**Exercise requirements:** The full listing, exactly as written and with no images, is the expected output.

**Data section:**
________________

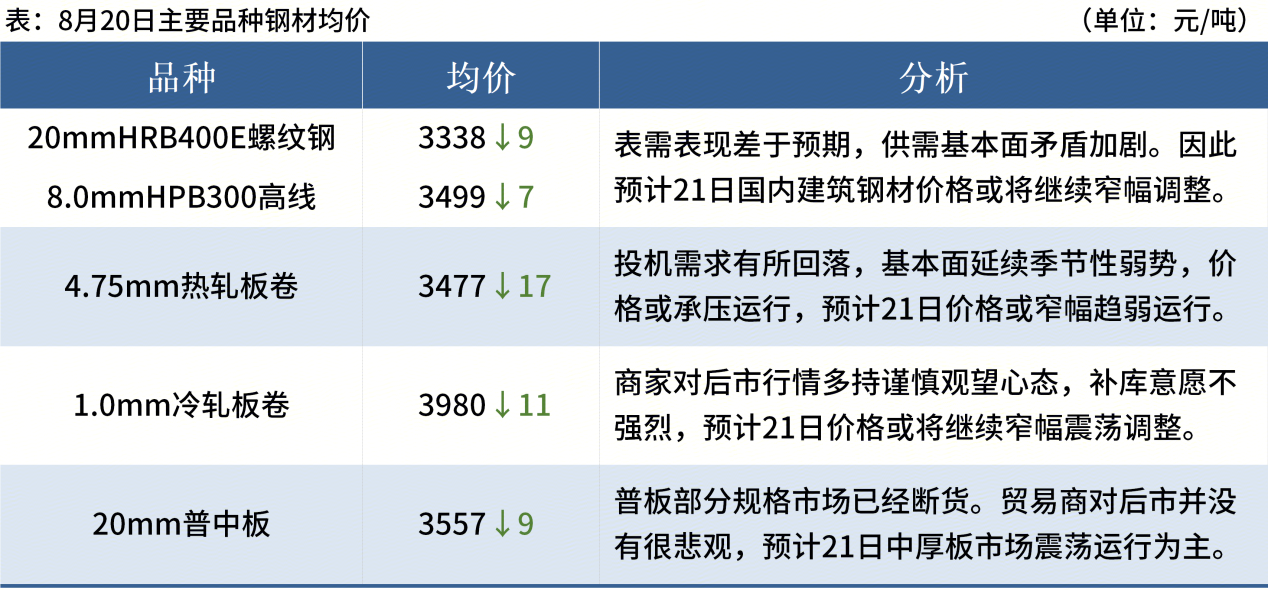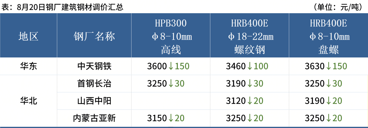 ◎ 8月20日,中天鋼鐵出臺8月下旬價格,螺紋鋼下調100元/噸,線材盤螺下調150元/噸。
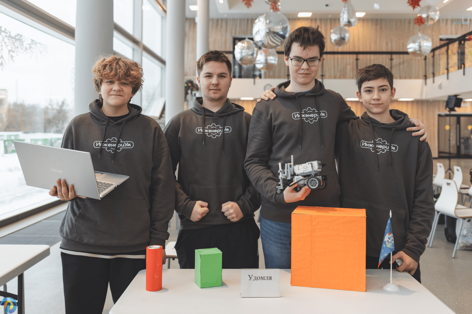 Команду города Удомли представили обучающиеся МБУ ДО ДДТ, МБОУ УГ № 3 им. О.Г. Макарова и МБОУ УСОШ № 5 с углубленным изучением отдельных предметов: Гангурян Станислав, Киселёв Игорь, Михеев Илья, Чеканов Артём и Шибанов Всеволод. Руководитель – педагог робототехники ЦЦОД «IT-куб» Сандуляк Данил Валерьевич. У команды также был наставник – молодой специалист Калининской АЭС Полухина Алёна Владимировна.
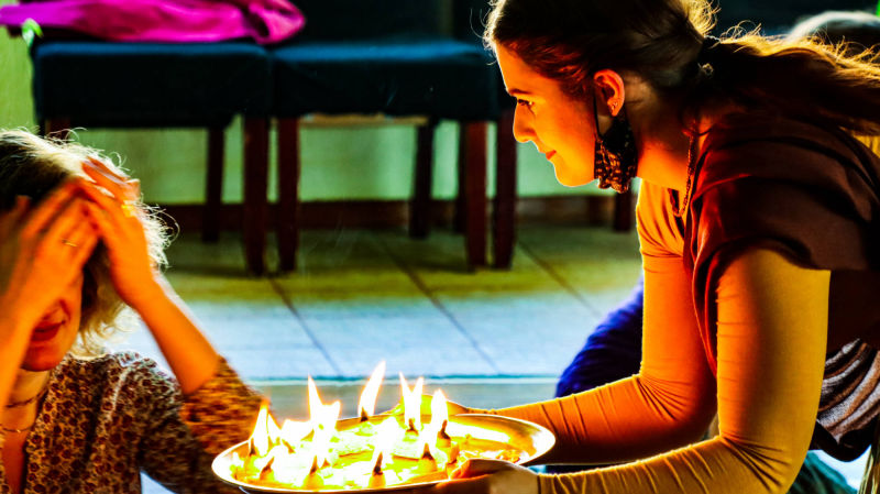 Tulasi-manjari dd za prekrasno donirano cvijeće, donacijama na račun i kolačima.

________________

**Task output:**
 ◎ 8月20日,中天鋼鐵出臺8月下旬價格,螺紋鋼下調100元/噸,線材盤螺下調150元/噸。
 Команду города Удомли представили обучающиеся МБУ ДО ДДТ, МБОУ УГ № 3 им. О.Г. Макарова и МБОУ УСОШ № 5 с углубленным изучением отдельных предметов: Гангурян Станислав, Киселёв Игорь, Михеев Илья, Чеканов Артём и Шибанов Всеволод. Руководитель – педагог робототехники ЦЦОД «IT-куб» Сандуляк Данил Валерьевич. У команды также был наставник – молодой специалист Калининской АЭС Полухина Алёна Владимировна.
 Tulasi-manjari dd za prekrasno donirano cvijeće, donacijama na račun i kolačima.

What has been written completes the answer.